On Thursday, Reddit is rolling out a brand new coverage aimed toward balancing its want to license its content material to bigger tech firms, like Google, and defending customers’ privateness. The newly introduced “Public Content material Coverage” will now be a part of Reddit’s current privateness coverage and content material coverage to information how Reddit’s knowledge is being accessed and utilized by business entities and different companions. Associated to this, the corporate additionally introduced a subreddit devoted to researchers working with Reddit’s knowledge.
The announcement comes shortly after Reddit’s inventory market debut, which sees the corporate positioning itself to develop income not solely from the adverts that run on its platform and API utilization by builders but in addition from its corpus of knowledge. The corporate in its IPO prospectus mentioned it had already made $203 million by means of knowledge licensing agreements and expects that quantity to extend over time.
Whereas Reddit hadn’t traditionally blocked entry to its knowledge for AI coaching functions, it modified its course final 12 months. Reddit CEO Steve Huffman informed The New York Occasions that it didn’t make sense for Reddit to proceed to offer “all of that worth to a few of the largest firms on this planet totally free,” signaling the corporate’s plan to maneuver into the info licensing area.
With these efforts now properly underway, the brand new Public Content material Coverage will lock down entry to Reddit’s knowledge with out an settlement. (Reddit says it’s not including new restrictions, simply publicizing the coverage it’s had in place internally for a while.)
“Sadly, we see increasingly business entities utilizing unauthorized entry or misusing licensed entry to gather public knowledge in bulk, together with Reddit public content material,” Reddit writes in its weblog. “Worse, these entities understand they haven’t any limitation on their utilization of that knowledge, they usually achieve this with no regard for person rights or privateness, ignoring affordable authorized, security, and person elimination requests. Whereas we’ll proceed our efforts to dam identified dangerous actors, we have to do extra to limit entry to Reddit public content material at scale to trusted actors who’ve agreed to abide by our insurance policies.

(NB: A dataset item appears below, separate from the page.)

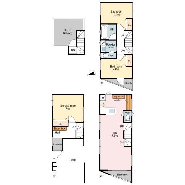 1F 洋 7.0帖 、2F LDK 17.3帖 、3F 洋 5.5帖 、3F 洋 5.4帖

However we additionally must proceed to make sure that customers, mods, researchers, and different good-faith, non-commercial actors have entry.”
In different phrases, entry to Reddit knowledge for analysis and different non-commercial efforts will proceed, however these entities that wish to use Reddit’s knowledge for different functions — together with for AI coaching — must pay. In a graphic shared on the weblog, Reddit makes this clear, saying that companies desirous about utilizing Reddit knowledge to “energy, increase or improve your product for any business functions” requires a contract.
Advertisers, in the meantime, are directed to an adverts API for managing campaigns and monitoring their efficiency.
As a result of the corporate is basically simply a big web site, indexable by search engines like google, this new coverage goals to lock down Reddit content material from any unauthorized assortment whereas additionally respecting customers’ rights.
As an example, Reddit says that its companions must add customers’ choices to delete their content material. So if customers don’t need their private posts to turn into fodder for future AI engines, they need to have the ability to decide out. Companions are additionally restricted by the brand new coverage from utilizing Reddit’s content material to establish people or their private data, together with for advert focusing on. Companions can also’t use Reddit content material to spam or harass its customers or to conduct “background checks, facial recognition, authorities surveillance, or assist legislation enforcement do any of the above.”
The coverage moreover restricts entry to grownup media and clarifies that Reddit gained’t promote its customers’ private data. The corporate additionally notes that it’s going to by no means license private content material like personal messages or private account data, like customers’ emails or looking historical past, amongst different issues.
To assist researchers who wish to use Reddit knowledge for non-commercial functions, the corporate has established a brand new subreddit, r/reddit4researchers. The corporate says it’s partnering with OpenMined to additionally develop a program to information and develop researchers’ collaboration with Reddit.